Specific implementation environment is described as follows:
1) this is embodied on three main flow frameworks and realized:IA-32, ARM and MIPS, three frameworks are 32;
2) IA-32 binary files compile in the virtual machine of Ubuntu 12.04 (i386) position system, ARM and MIPS
Binary file compiles in Debian 7.0 for the QEMU simulators of system;
3) in three above framework, each sample program uses two compilers of gcc v4.7.3 and clang v3.0 respectively
With three compiling optimization option compilings of-O3 ,-O2 and-O0;
4) hardware configuration of analysis environments is:Intel Core i5-2320@3GHz (CPU), 8G DDR3-RAM (RAM)
Experimental data is as follows:
1) across framework binary code clone detection:Concrete outcome such as Fig. 2-Fig. 4, wherein Average Accuracy are 80.1%;
2) compile option compiling binary code clone's detection more:Concrete outcome such as Fig. 5-Fig. 6, wherein Fig. 5 average standard
The Average Accuracy that true rate is 78.2%, Fig. 6 is 82.6%;
3) the matching used time of above empirical average each pair binary function is 5.2 seconds, parameter detecting and Switch brief introductions
Jump target identification average 55.2 seconds used times.
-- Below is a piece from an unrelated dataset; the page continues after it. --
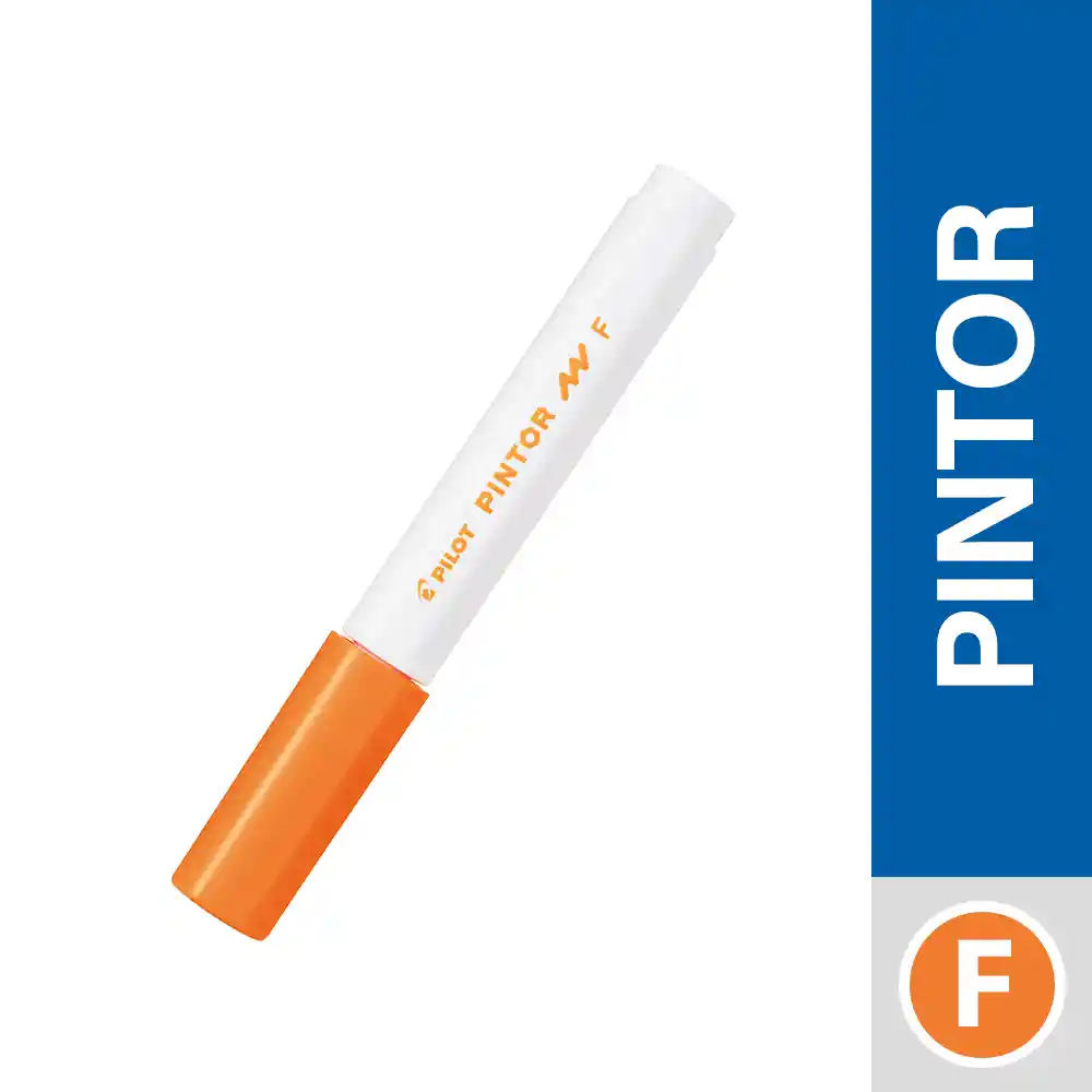 Marcador de tinta pigmentada a base de agua punta fina, color naranjo. Permite dibujar en todo tipo de superficies, incluso oscuras. Permanente en superficies porosa como madera, papel, cartón, tela o piedras. En superficies lisas se recomienda fijar con un barniz transparente o bien sometiendo a altas temperaturas. Secado rápido. Desechable.

Compared with the prior art:
1) compared with Multi-MH:According to document Jannik Pewny, Behrad Garmany, Robert Gawlik,
Christian Rossow,and Thorsten Holz.2015.Cross-Architecture Bug Search in
Binary Executables.In Proceedings of the 2015IEEE Symposium on Security and
Method in Privacy (SP'15) .IEEE Computer Society, Washington, DC, USA, 709-724.,
In busybox (ARM vsIA-32) experiment, Multi-MH accuracy rate is 32.4%, and the present invention is 83.4%;
In openssl (ARM vs MIPS) experiment, Multi-MH accuracy rate is 32.1%, and the present invention is 87.8%.
2) compared with BinGo:According to document Mahinthan Chandramohan, Yinxing Xue, Zhengzi Xu,
Yang Liu,Chia Yuan Cho,and Hee Beng Kuan Tan.2016.BinGo:cross-architecture
cross-OS binary search.In Proceedings of the 2016 24th ACM SIGSOFT
International Symposium on Foundations of Software Engineering(FSE 2016).ACM,
Method in New York, NY, USA, 678-689., in busybox (IA-32vs ARM) experiment, BinGo accuracy rate
Less than 40%, and the accuracy rate of the present invention is 79.2%.
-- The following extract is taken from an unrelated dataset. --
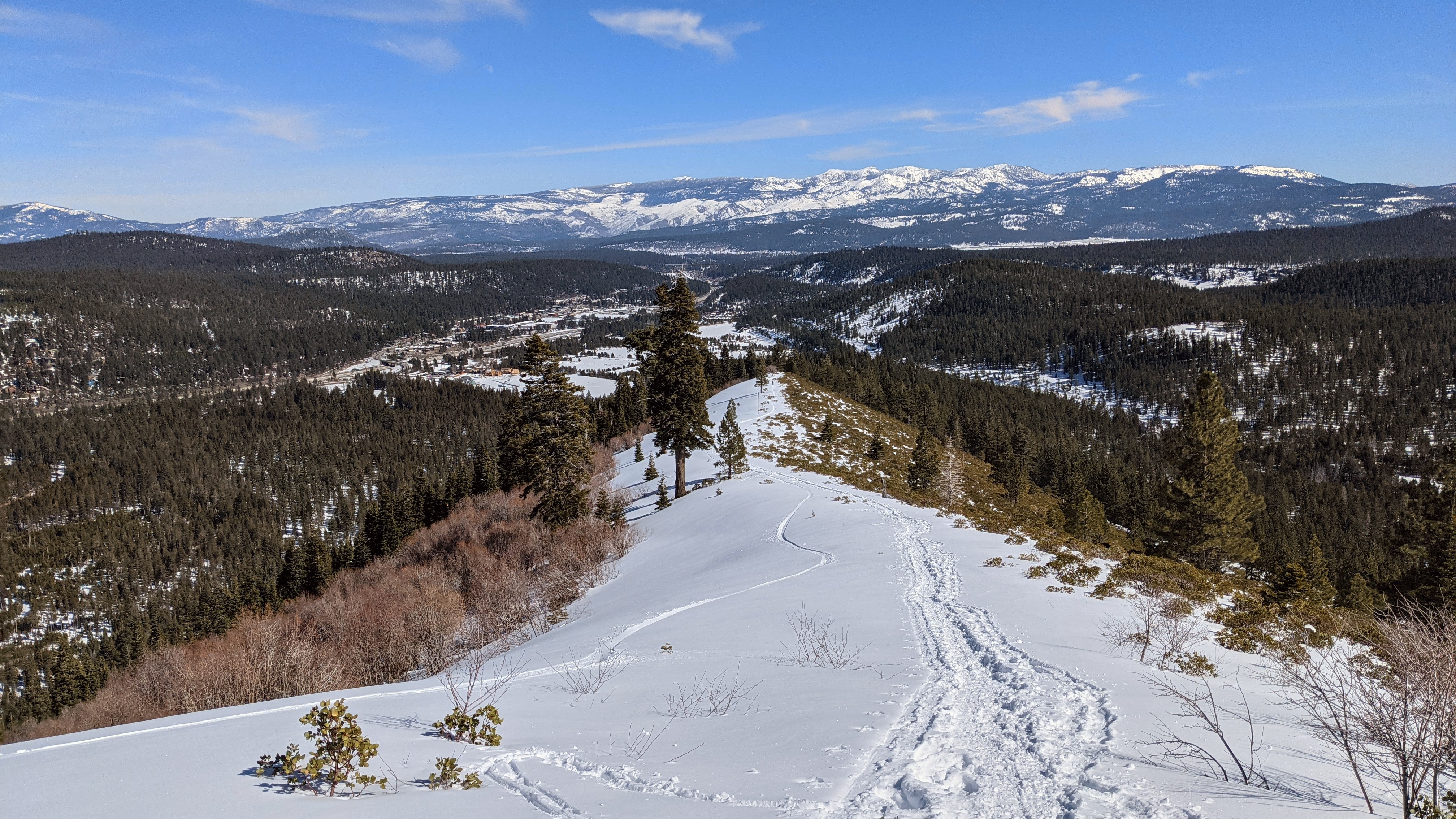 A view of Donner Pond, frozen. We walked across the ice in our showshoes, but only where we saw recent footprints.

Above-mentioned specific implementation can by those skilled in the art on the premise of without departing substantially from the principle of the invention and objective with difference
Mode local directed complete set is carried out to it, protection scope of the present invention is defined by claims and not by above-mentioned specific implementation institute
Limit, each implementation in the range of it is by the constraint of the present invention.